Elle a reçu la bonne nouvelle l’an dernier, alors qu’elle enchaînait contrat sur contrat depuis une décennie. Des contrats précaires, de deux à six mois, dans des niveaux de classe toujours différents, à enseigner toutes sortes de matières. Le plus ingrat étant la suppléance à la journée, du remplacement quand un professeur est malade. «T’es tout le temps sur appel. J’ai fait ça au moins pendant sept ans.»

«Ça fait des années qu’on parle de décrochage scolaire, mais qui s'attaque au décrochage des enseignants?»

- Leila Guerrero

Aujourd’hui, Leila est enfin «stable», enseigne l’anglais et l’espagnol à des élèves au secondaire 1 à 4, âgés de 12-13 ans à 15-16 ans et gagne un peu plus de 60 000 $ par année, un salaire «intéressant», dit-elle, quoique problématique puisqu’une fois arrivé au dernier échelon (un peu au-dessus de 80 000 $ ) il n’y a plus de possibilités d’avancement. Certains professeurs, avec 30 ans d’expérience, finissent par plafonner au niveau salarial.

Burn-out et désillusions

Dix ans d’attente pour une permanence. Mais aussi 10 ans à voir la profession se dégrader avec un sentiment d’impuissance qui s’étend comme un cancer.

«Ça fait des années qu’on parle de décrochage scolaire, mais qui s’attaque au décrochage des enseignants?, s’interroge-t-elle. De plus en plus d’enseignants quittent la profession. Proche de moi, il y en au moins deux arrêts maladie par année! On ne voit plus pourquoi on continuerait à subir. Et quand les enseignants ne sont plus capables, c’est là que ça touche les élèves.»

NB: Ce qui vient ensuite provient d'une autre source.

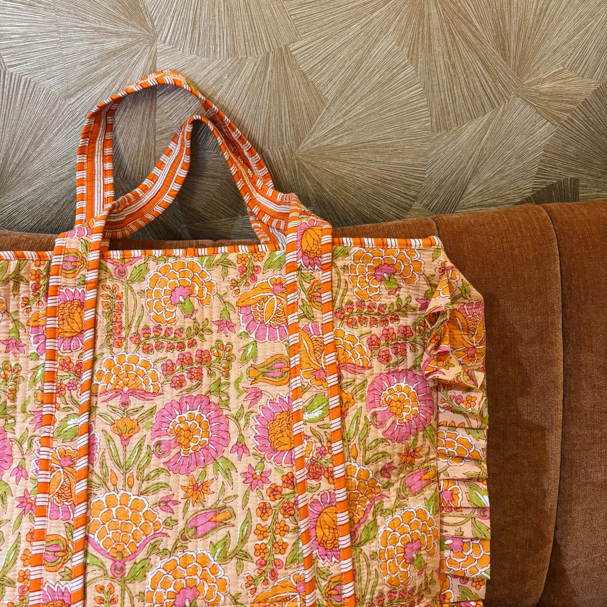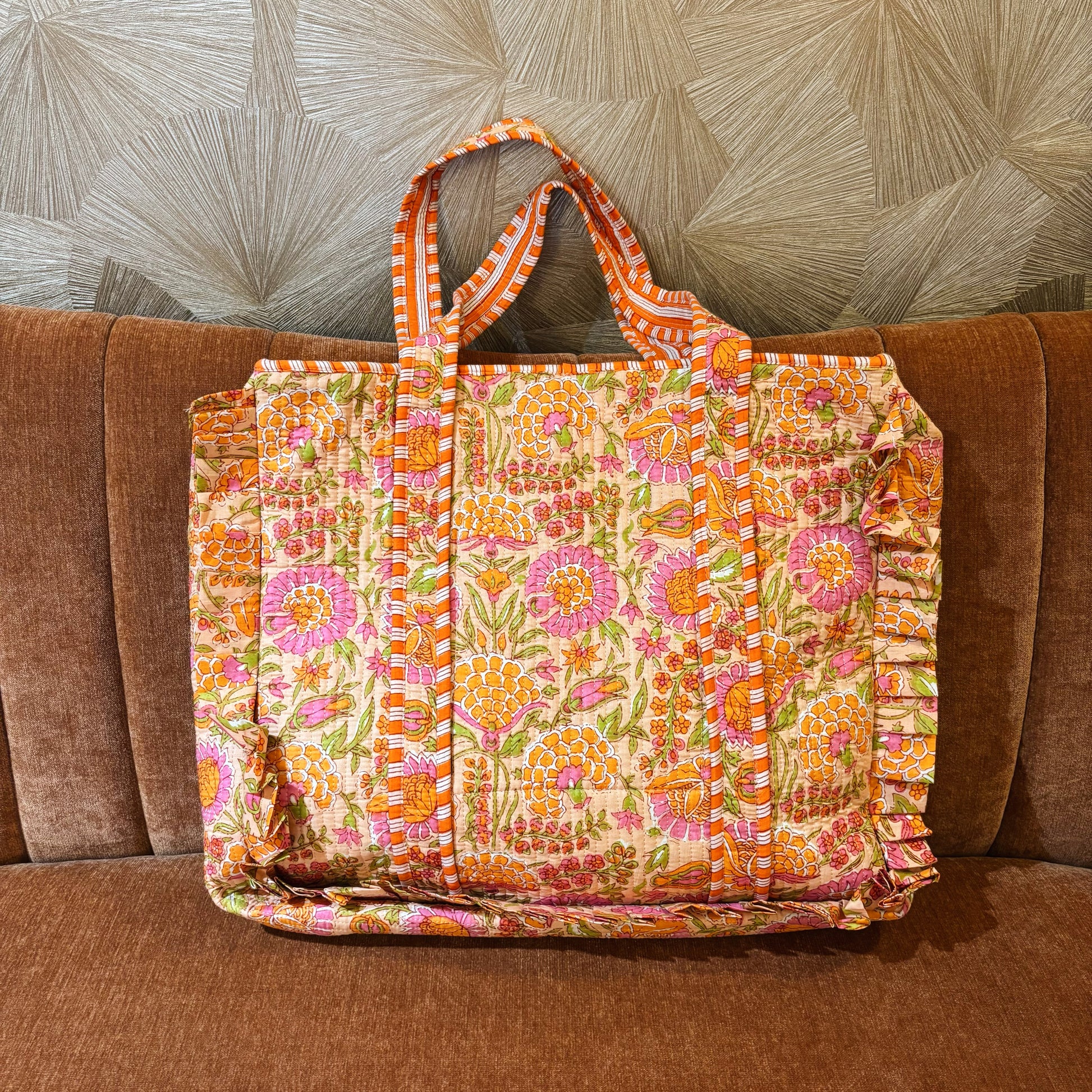 Ruime strandtas/weekendtas met vrolijke bloemenprint. De tas heeft een groot hoofdvak met een klein binnenzakje voor je essentials en een buitenzakje met ritssluiting.

Elle-même a été frappée de plein fouet, l’an passé, par un diagnostic d’épuisement et de trouble de l’adaptation, une condition similaire à de l’anxiété.

«J’ai aussi eu une prise de conscience: il fallait que je m’investisse davantage dans ma vie à moi.»

- Leila Guerrero

«J’étais en vacances durant l’été et j’ai senti que je ne pouvais pas recommencer, ça a pris six mois de convalescence, de suivis médicaux psychologiques. Je dirais qu’au moins 75% de mon arrêt était lié à mon travail. Il a fallu que je retrouve la force d’aller à l’école et de confronter la réalité. Mais j’ai aussi eu une prise de conscience: il fallait que je m’investisse davantage dans ma vie à moi

Un deuil à faire

Leila ne le cache pas : elle est en colère. Parfois, c’est comme si elle devait faire le deuil de la profession comme elle se l’imaginait à ses débuts.

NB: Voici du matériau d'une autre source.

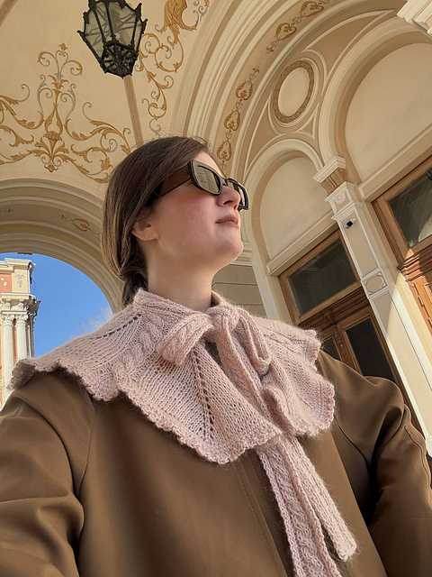 A textured knitted collar designed to add structure and interest to simple silhouettes. It features clean cable lines, subtle eyelet detailing, and a wide, scalloped shape that sits neatly over sweaters, shirts, or dresses.

«Je ne comprends pas pourquoi le système ne nous soutient pas davantage. Où sont les ressources? Où sont les enseignants de maternelle 4 ans? Où sont les orthopédagogues? Les techniciennes en éducation spécialisée? Il faut valoriser la profession, nous soutenir.»

Selon elle, il ne s’agit pas seulement pour le gouvernement d’insuffler de l’argent, mais d’apporter de l’aide et des ressources au quotidien. «On est seul, ça nous prend deux mois à nous remettre de dix mois d’épuisement, à s’investir, à s’engager, à faire des suivis, à appeler les parents. Qui entend notre cri du coeur?»

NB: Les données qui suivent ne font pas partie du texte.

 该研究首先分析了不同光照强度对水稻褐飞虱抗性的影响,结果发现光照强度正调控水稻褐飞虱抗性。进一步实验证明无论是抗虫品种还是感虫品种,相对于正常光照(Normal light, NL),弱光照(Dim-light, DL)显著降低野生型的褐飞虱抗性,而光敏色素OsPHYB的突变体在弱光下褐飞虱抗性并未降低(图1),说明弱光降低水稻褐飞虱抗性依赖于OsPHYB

D’autant que sur le terrain, il y a des «perles», insiste-t-elle. Des élèves, des enseignants, des directeurs, des gardes de sécurité, des techniciens en éducation spécialisée (TES), des orthopédagogues. «On n’en parle pas assez. Nous sommes tellement choyés d’avoir des gens compétents pour supporter le système.»

Leila, sans le dire, est l’une d’entre elles.

Demain, comme chaque jour, elle arrivera à son école du nord de Montréal, à 7h30. Comme chaque jour, elle tentera de capter l’attention de ses élèves.

«Cette année, j’ai un groupe dynamique qui me motive particulièrement. Les élèves embarquent dans tous les projets, font leurs travaux, posent des questions, sont capables de rire et de revenir à la tâche. C’est ce qui fait que le lendemain, j’ai envie de les retrouver. C’est ce qui fait, aussi, que je suis à ma place.»

Leila est d’ailleurs persuadée que ce lien qui se crée entre l’enseignant et l’élève est l’une des clés de la réussite scolaire. «Quand il y a un lien avec l’adulte, la possibilité d’apprendre s’ouvre. C’est l’effet enseignant», dit-elle.

Et, pour elle, une chose est certaine: un enseignant qui est bien dans sa classe, c’est un enseignant qui a envie d’enseigner. «Et donc, ce sont des élèves qui ont envie d’apprendre», conclut-elle. Tout est dans tout, comme on dit chez nous.